SUPPLIED MATERIAL:
++++++++

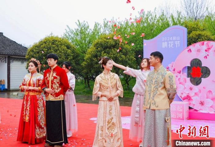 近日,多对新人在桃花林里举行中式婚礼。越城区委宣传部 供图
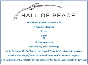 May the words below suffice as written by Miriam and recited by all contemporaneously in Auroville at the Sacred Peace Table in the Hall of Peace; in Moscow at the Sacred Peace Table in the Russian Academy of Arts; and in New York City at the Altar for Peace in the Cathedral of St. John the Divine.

++++++++

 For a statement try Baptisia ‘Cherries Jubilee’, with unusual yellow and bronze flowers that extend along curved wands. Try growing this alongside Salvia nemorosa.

++++++++

WORK TO COMPLETE:
In the listing above, find the line with "近日,多对新人在桃花林里举行中式婚礼。越城区委宣传部 供图" and the line with "May the words". Set down exactly those lines and everything between them, skipping pictures.

TASK SOLUTION:
 近日,多对新人在桃花林里举行中式婚礼。越城区委宣传部 供图
 May the words below suffice as written by Miriam and recited by all contemporaneously in Auroville at the Sacred Peace Table in the Hall of Peace; in Moscow at the Sacred Peace Table in the Russian Academy of Arts; and in New York City at the Altar for Peace in the Cathedral of St. John the Divine.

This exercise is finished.